À Saint-Malo, un coefficient 120 produit un marnage de 13,5 mètres. Pour donner une idée de l’ampleur : la mer monte de l’équivalent d’un immeuble de quatre étages en moins de six heures.

Calendrier des grandes marées 2026 à Saint-Malo

Les grandes marées (coefficient ≥ 100) se concentrent autour des nouvelles lunes et pleines lunes, 2 à 3 jours après chacune. Les plus fortes sont celles des équinoxes :

Équinoxe de printemps (mars 2026) : autour du 20-22 mars, les coefficients devraient dépasser 110. C’est l’une des meilleures périodes de l’année pour observer le phénomène, avec une lumière printanière claire.

Grandes marées d’avril 2026 : les pleine lune d’avril produisent des coefficients de 100 à 108. Les conditions météorologiques y sont souvent favorables.

Grandes marées de septembre 2026 : l’équinoxe d’automne (autour du 22-24 septembre) produit les plus grandes marées de l’année. Les coefficients peuvent atteindre 115 ou plus. Le temps est souvent agité, ce qui amplifie le spectacle.

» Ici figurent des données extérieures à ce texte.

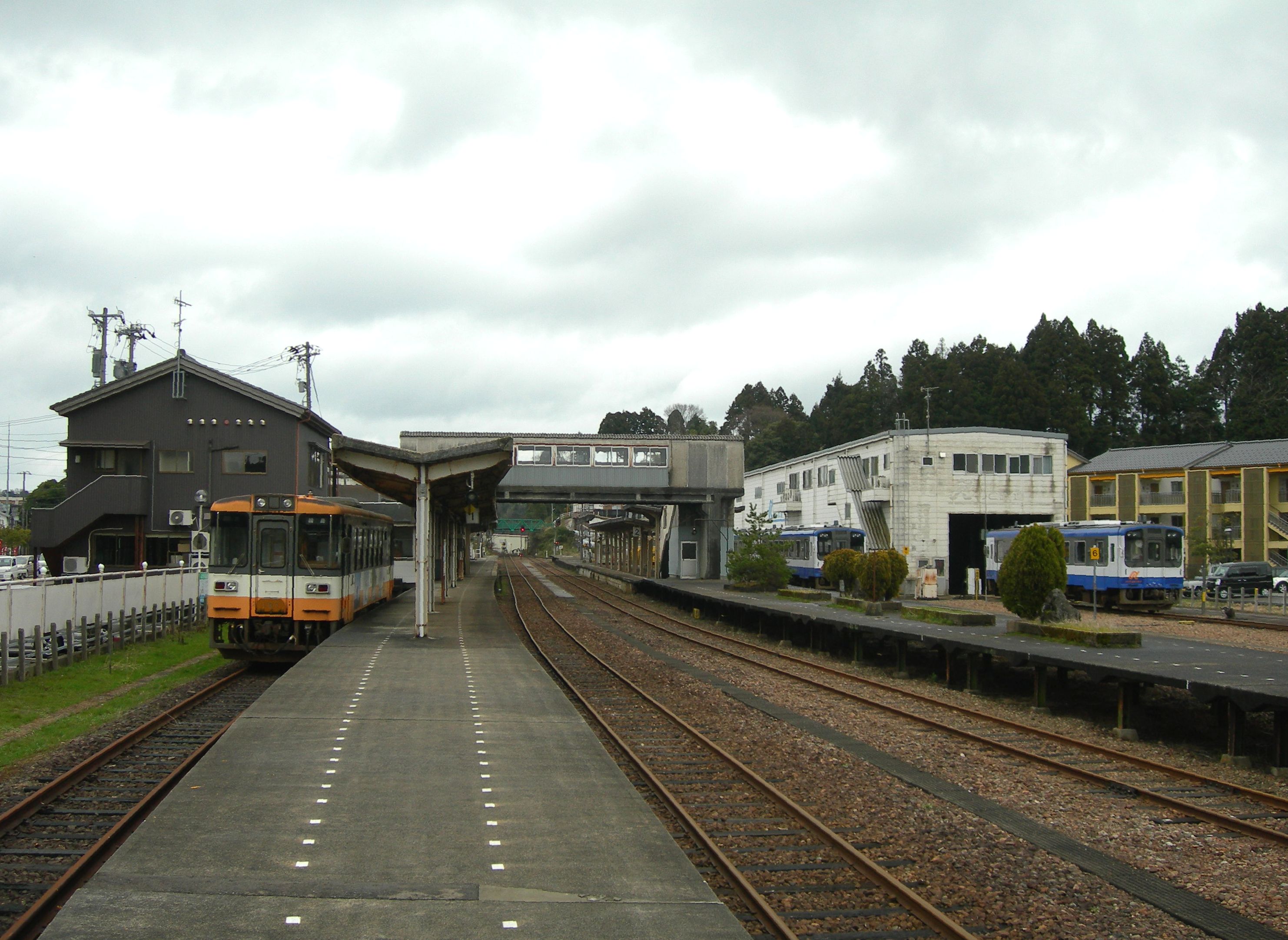 역 구내에는 차량 기지와 공장을 갖추고 있으며, 야간 주박도 설정되어 있다. 이 차량 기지는 1991년 나나오선의 경영 이관 시에 설치되었다.

Grandes marées à Saint-Malo

Grandes marées d’octobre 2026 : les nouvelles lunes et pleines lunes d’octobre maintiennent des coefficients élevés (100-108).

Les dates et heures précises sont disponibles sur shom.fr, l’application Maréé ou l’application Marée Bretagne.

Les meilleurs points d’observation

Les remparts de Saint-Malo restent le spot incontournable. En hauteur, totalement en sécurité, avec une vue à 360° sur la rade, les îles et la plage du Sillon. La Tour Bidouane (face au nord) et l’angle nord-est des remparts offrent les meilleures vues sur la montée des eaux. En soirée, avec la lumière rasante sur les vagues, le spectacle est saisissant.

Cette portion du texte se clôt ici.